Initially, I assumed from the 'panty' remark that it was a girl. But after reviewing this member's posts and the assvatar being used, I'm pretty sure it's a guy.









Post your strangest PM.
I don't want to cause any flame wars or embarass anyone, so don't divulge who wrote the PM, just copy & paste the content.


----------



## rocker (Aug 12, 2005)

LMAO LMAO LMAO

damn i had to delete my PM's after the PM limit.

u should of seen the ones me and feeder_phish sent each other lol


----------



## Jewelz (Feb 24, 2004)

Oh crap, unfortunately since we had the PM limit installed, I had to delete nearly 600 PMs..







wish I could remember, but I have gotten some weird ones.

I would really like to see Xenon share some of his, and I am sure any woman on here gets about 10 creepy PMs a day...


----------



## brutusbeefcake (Dec 8, 2004)

i deleted my good ones to... after i have a good laugh at them of course!! none involving panties for me, just people that dont think much of me and think they can kick my ass and know they have slept with more women then me... lol


----------



## b_ack51 (Feb 11, 2003)

I got a few threats so far but no one to man up to them.


----------



## Scrap5000 (Mar 4, 2005)

I want to lick the cobra in your avatar








just kidding


----------



## Azeral (Dec 28, 2004)

Bullsnake said:


> What's the strangest PM you ever received on P-Fury?
> 
> Anybody ever write to bitch you out? Threaten you? Ask strange questions? Try to pick you up?
> 
> ...


LOL!!


----------



## joey'd (Oct 26, 2005)

TheGame said:


> i deleted my good ones to... after i have a good laugh at them of course!! none involving panties for me, just people that dont think much of me and think they can kick my ass and know they have slept with more women then me... lol


i thought you said you wouldnt mention the messages i sent you again..........


----------



## brutusbeefcake (Dec 8, 2004)

haha d- i kept you anonymous... yours were funny but ive had better ones... atleast you didnt try telling me how many girls you were with and how i never get laid... sh!t i just nailed two chicks while typing this! lol you just tried cuttin me down- ill get over it........someday?


----------



## joey'd (Oct 26, 2005)

TheGame said:


> haha d- i kept you anonymous... yours were funny but ive had better ones... atleast you didnt try telling me how many girls you were with and how i never get laid... sh!t i just nailed two chicks while typing this! lol you just tried cuttin me down- ill get over it........someday?

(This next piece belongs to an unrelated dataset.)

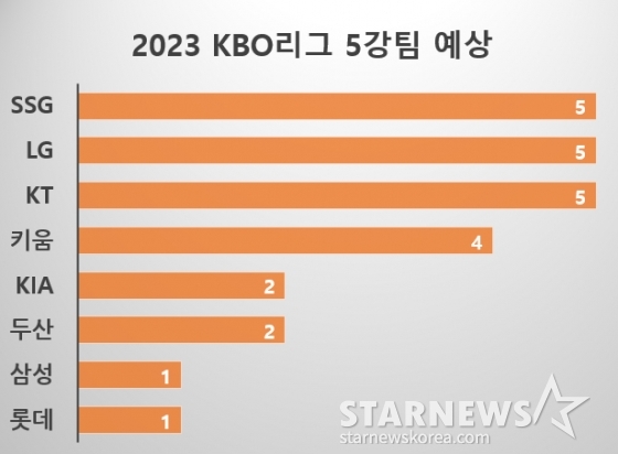 [안호근 스타뉴스 기자] 2023 KBO리그가 4월 1일 오후 2시 전국 5개 구장에서 개막한다. 스타뉴스 설문 결과, 해설위원들은 올 시즌 가을야구를 펼칠 5강 팀으로는 SSG와 LG·KT 등 '3강'과 키움, 그리고 남은 한 자리를 두고는 KIA와 두산이 경합할 것으로 내다봤다.

what are you talking about, while you were nailing those chicks they were telling me how they really wanted me instead..... hate to breaK it to you, dont be sad, and think of more nasty things and stuff and lets pretend i said them........... ok lets just leave it where its at for now, but ill send you some naughty messages later on








and bullsnake makes my panties wet aslo.....quick someone get a cup to contain the juices


----------



## brutusbeefcake (Dec 8, 2004)

i know you think im sexy but keep your "naughty messages" to yourself! actually it seems you have a thing for bullsnake cause thats just not right dude! lol


----------



## G23.40SW (Sep 30, 2005)

Any random PM out of no where from patriot.



patriot said:


> hi m8 what did you think of the england match





patriot said:


> im very happy to debate fully with you all i ask is that you remain reasonably polite i know its hard.
> 
> i lose respect for bullies


----------



## the_w8 (Jul 28, 2003)

I've been lucky so far...really haven't had many creepy or weird messages yet.


----------



## joey'd (Oct 26, 2005)

the_w8 said:


> I've been lucky so far...really haven't had many creepy or weird messages yet.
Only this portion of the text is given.